While we’re all about not hiding your light under a bushel, it’s not always appropriate to try out those leadership skills. There are occasions when quietly following is the best choice. For example, if there’s a high-stakes project nearing completion and the project manager is working hard to keep everyone on task, don’t step in and test out your leadership skills. Let everyone stay focused on the finish line and take any lessons you pick up into the next project. 

If, on the other hand, you notice your team is struggling to stay motivated on an ongoing task, why not see if you can make a difference? Look out for occasions when there’s a leadership vacuum or where it’s obvious no one wants to take charge. Those are the situations you’re most likely to shine in. 

How to Lead a Team Effectively

You don’t need to be a boss to hold influence in your organisation. Level up your leadership style by trying out the following leadership tips. 

Speak Up For Yourself

Leaders come up with ideas and are always on the lookout for ways to make things better – and they know how and when to share them. There’s no point in coming up with a way to revolutionise your processes and systems if they never see the light of day.  

When you analyse current ways of working, be sure to volunteer ideas to your colleagues and the leadership team.

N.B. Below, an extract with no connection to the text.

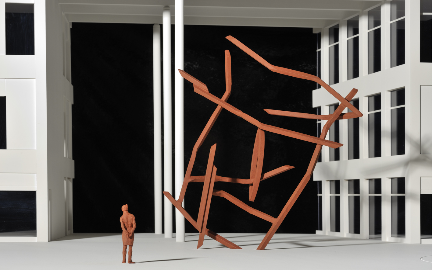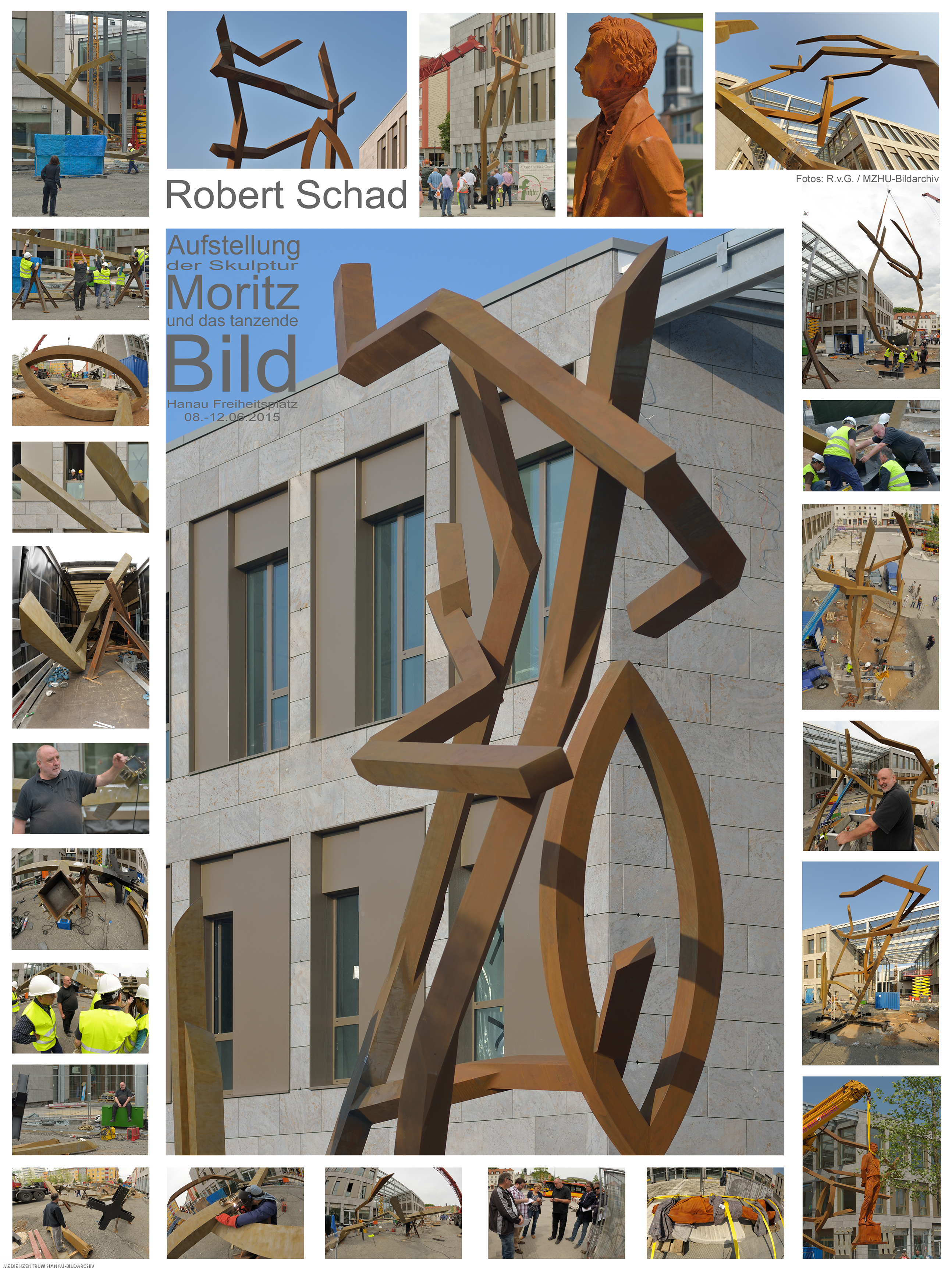 Nichts ist darin, wie er es bisher kennt: Horizonte stürzen, Gegenstände fallen aus dem Bild heraus. Der Künstler nimmt die Erscheinung in Erinnerung mit sich und versucht zu malen, was er sieht. Erst fast 100 Jahre später gelingt es Malern Bilder zu gestalten, die keine Menschen, Gegenstände und Landschaften abbilden. Moritz war der erste, der ein solches Bild sah, ohne es je auf Leinwand gebannt zu haben.“ Das Tanzende Bild ist ein monumentaler, in den Raum gezeichneter Rahmen, mehrfach gebrochen, von diagonalen Horizonten, mit einer Säule und einer ellipsenartigen Form durchzogen. In seiner ausladenden Form und seiner gewagten Statik bildet es einen diametralen Partner zum biedermeierlich gekleideten Moritz und reagiert zugleich auf die strenge Architektur der Stadtloggia. Dass Moritz sich selbstbewusst dem Neuen und Unbekannten stellt, ist Aufforderung an uns, es ihm gleich zu tun. Nur in der selbstbewussten Auseinandersetzung auch mit scheinbar unüberwindlichen Hürden können scheinbar unlösbare Aufgaben gelöst werden und sich die Gesellschaft weiterentwickeln. Dafür ist ein unaufgeregter Blick nach vorne, wie ihn Oppenheim praktiziert, eine Grundvoraussetzung. Der gekippte Rahmen ist transparent, verstellt den Raum nicht und schreibt sich in ihn hinein. Beim Vorbei- und Hindurchgehen vermitteln sich den Betrachtern wechselnde Perspektiven, die dynamisieren. Trotz Tonnenschwere wirkt die Skulptur tänzerisch leicht. Aus der Begründung der Jury: „Robert Schad setzt durch das Denkmal im Dialog zwischen figürlicher und abstrakter Gestaltung ein urbanes und selbstbewusstes Stadtzeichen. In der Gestaltung besteht ein ideales Zusammenspiel von klar gegliederter Gebäudefassade und kraftvoller, aber zugleich verspielter Skulptur. Das Denkmal fügt sich organisch in das architektonische Umfeld ein. Es entsteht ein offener Denk- und Kunstraum. Das Kunstwerk kann sofort erfasst werden und gibt zugleich der Phantasie der Betrachter/innen freien Raum.“

Become a change-maker to create the differences that you want to see and don’t be discouraged if your ideas aren’t implemented right away. All you need to do is garner a reputation as someone who has good ideas and wants to make things better.  

Empower Your Team

What do all great leaders have in common? Excellent communication skills.

Leaders communicate clearly and transparently. They’re great at sharing a vision and encouraging colleagues to follow their lead and they know to modulate their language to suit the situation. Whether that’s formally presenting an idea to the board or making casual suggestions to their peers.

They also understand that good communication is a two-way street; they’re prepared to listen just as much as they talk. If you want to be a leader, you need to think about the ways that you’re connecting and communicating with your colleagues.

Make use of all of the avenues open to you. Schedule 1-to-1s. Chat at the coffee machine. Raise ideas and contribute to conversations wherever possible. 

If you are using employee engagement software like Mo, take advantage of how easy it is to start and maintain conversations every single day.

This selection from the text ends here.